Blogo per celebrare Halloween vi racconta un’altra icona horror: il licantropo.

pubblicato 31 Ottobre 2014 aggiornato 30 Luglio 2020 20:55

Proviamo a immaginare la situazione tipica che il malcapitato di turno, a causa di una maledizione come nel classico L’uomo lupo (1941) o infettato da un morso come nell’ironico cult Un lupo mannaro americano a Londra (1981), si trova a dover affrontare ogni qualvolta i nefasti influssi della luna piena ne stravolgono istinto e sembianze:

La fame è sempre più forte, ti divora da dentro, l’avverti prepotente, non puoi ignorarla, ma quando l’hai placata, quando il fuoco che brucia sotto la pelle si è attenuato, si torna alla realtà e ti ritrovi chissà dove, nudo, sporco, infreddolito, sempre ricoperto di sangue e quando ti va bene hai solo qualche vago e confuso ricordo della caccia e della nottata appena passata; una volta superata la sbornia sovrannaturale che ti ha ottenebrato i sensi, si ritorna tra i comuni mortali, ma solo fino alla prossima luna piena e ti accorgi di essere maledettamente eccitato e terrorizzato allo stesso tempo, al solo pensiero di un’altra lunga e selvaggia nottata di caccia…
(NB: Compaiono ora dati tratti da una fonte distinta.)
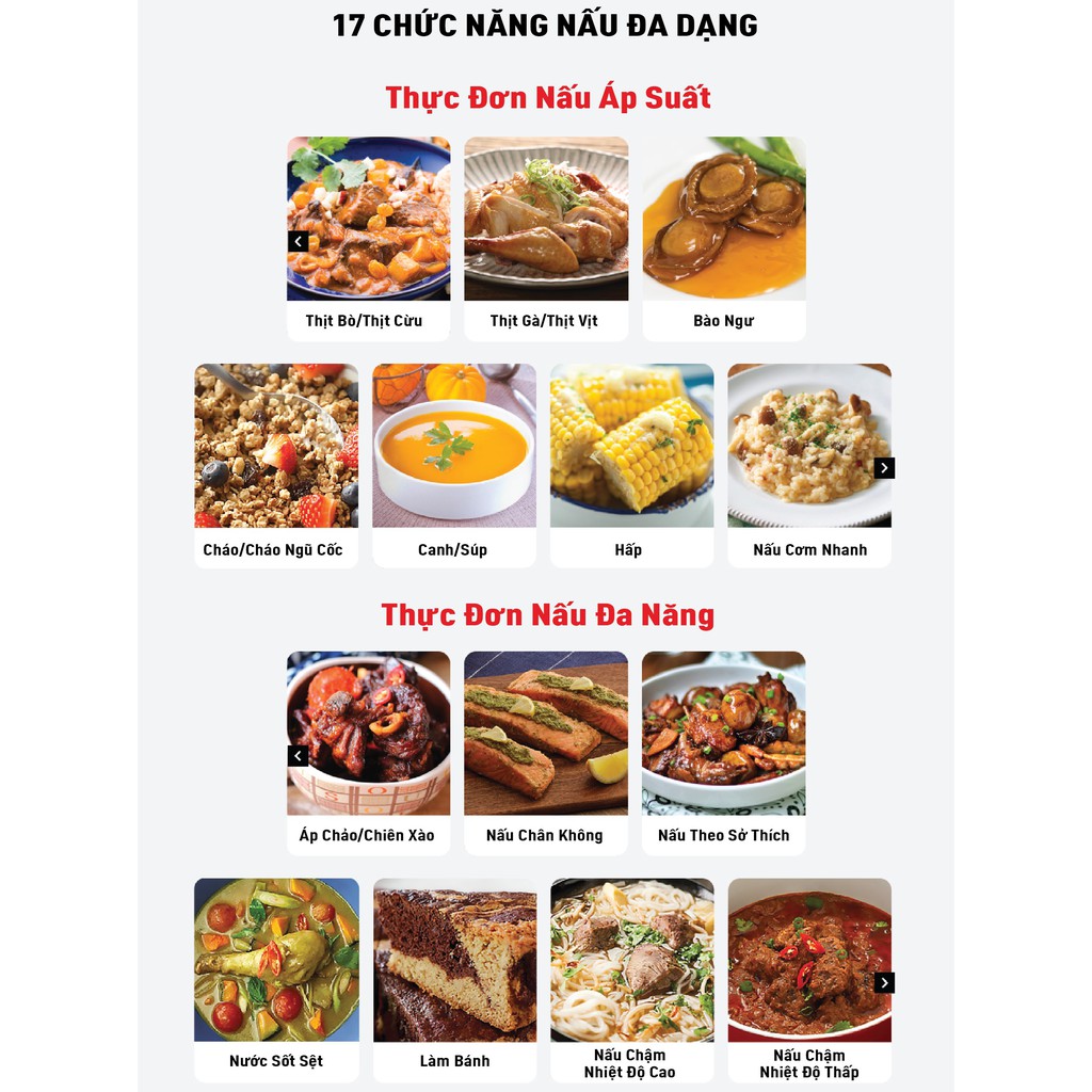 Chức năng chính: Chiên thực phẩm, Giữ ấm, Hấp, Làm bánh, Nấu bào ngư, Nấu bò, Nấu cháo, Nấu chân không, Nấu chậm nhiệt độ cao, Nấu chậm nhiệt độ thấp, Nấu cơm, Nấu gà / vịt, Nấu soup, Nấu sốt, Nấu theo sở thích.
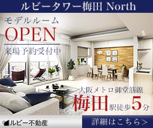 物件名(ルビータワー梅田North)/モデルルームオープン/来場予約受付中/Osaka Metro御堂筋線「梅田」駅徒歩5分/「詳細はこちら」の誘導ボタン

Il licantropo come il vampiro è figura partorita da leggende folkloristiche, che però cinematograficamente ha sicuramente avuto minor fortuna dell’affascinante e più longevo Conte Dracula, di solito chi subisce l’animalesca mutazione non è conscio delle proprie azioni, perche la mutazione sopisce l’essere umano a favore dll’istinto puro e sfrenato, quindi il fascino dello spettatore verso questa creatura cinematografica si tramuta ben presto, da iniziale attrazione per l’assoluta mancanza di freni inibitori, in paura e terrore inconscio di una totale perdita di controllo.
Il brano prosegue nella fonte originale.